Trafigura has signed a US$400mn loan with a syndicate of Middle East banks, showing increasing interest for commodity financing in the region.
The 12-month revolving borrowing base facility, signed at the end of August, was arranged by BNP Paribas and involved 11 Middle East banks, including Arab Petroleum Investments Corp (Apicorp), Commercial Bank of Qatar, Mashreq Bank, First Gulf Bank, Bank of Bahrain and Kuwait, Gulf International Bank Bahrain, Abu Dhabi Commercial Bank, Ahli United Bank, Doha Bank, Arab Bank and Union National Bank, Trafigura confirms to GTR.
The trading house adds that the involvement of Arab banks is not so much linked to a shortage of credit in Europe as a long-term strategy of financing diversification.
“We’re delighted to have completed the renewal of our annual US$400m borrowing base credit facility with a number of banks in the Middle East,” says Christophe Salmon, Trafigura’s chief financial officer Emea. “The facility will finance our local inventories and shows our continued commitment to the region.”
However, market sources believe this deal is evidence of a growing interest for commodity financing in the Middle East, as European banks’ lower access to US dollars has left a gap in the sector.
Stephen Holden, vice-president, head of international business at First Gulf Bank, tells GTR: “There’s undoubtedly been a pullback from some of the European banks, which has been an opportunity for other banks and encouraged companies to look at new banks as well.”
The bank, which has offices in the UAE and in Singapore and does a lot of business with Trafigura, has registered a rise in demand for commodity financing, and Holden adds that competition has also increased between banks in the Middle East.

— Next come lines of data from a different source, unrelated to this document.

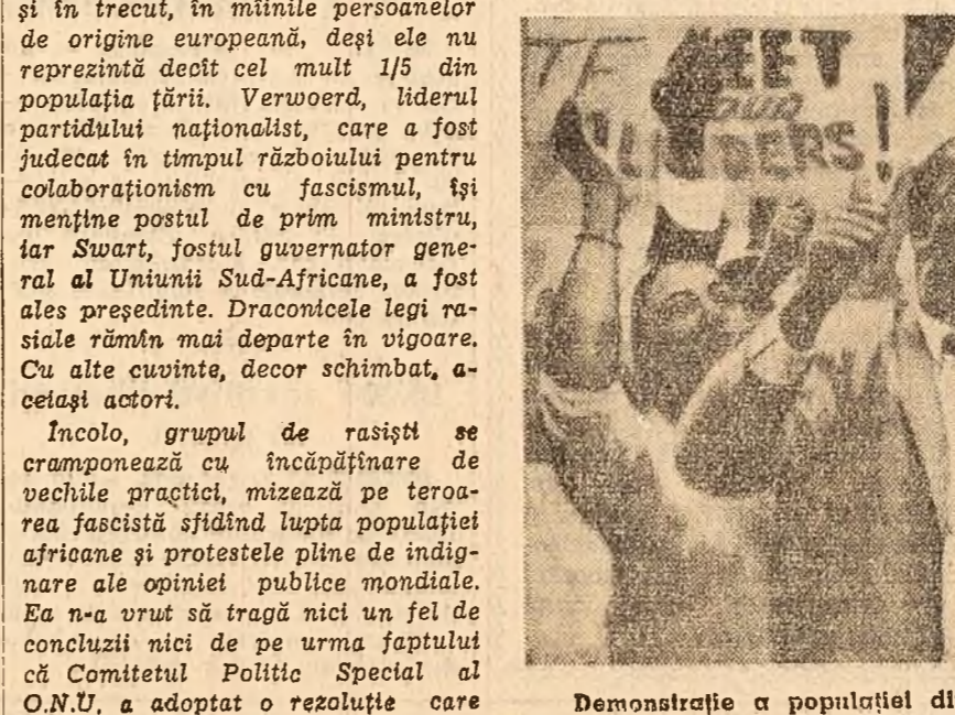
Demonstrație a populației din Pretoria (Uniunea Sud-Africană) împotriva guvernului rasist Verwoerd.
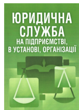
Юридична служба на підприємстві
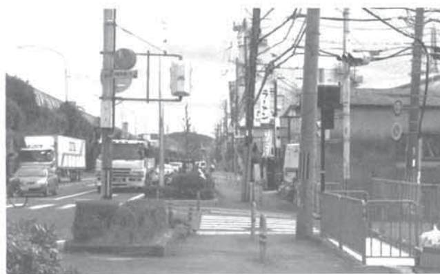
R 171 名神側道西側電柱（京都府長岡京市神足）

まず、日常的な行動範囲の中で傾いた電柱を見つけ、場所が特定できるように撮影します。同時に、他の危険因子である落下しそうな商店街の看板や、倒れる可能性

“A number of the major trading houses are important clients of ours and we’ve seen an increase in business with them, both in Singapore and in the UAE. We’ve seen a lot of uptake in competition from our regional neighbours in the Middle East.”
He believes that this trend is likely to grow in the future, influenced not only by the gap left by traditional financiers, but also by the price of oil. “If the price of oil goes up, your financing requirements are greater for the same volume of oil, so as a result, the number of banks they deal with may also be determined by the price of oil.”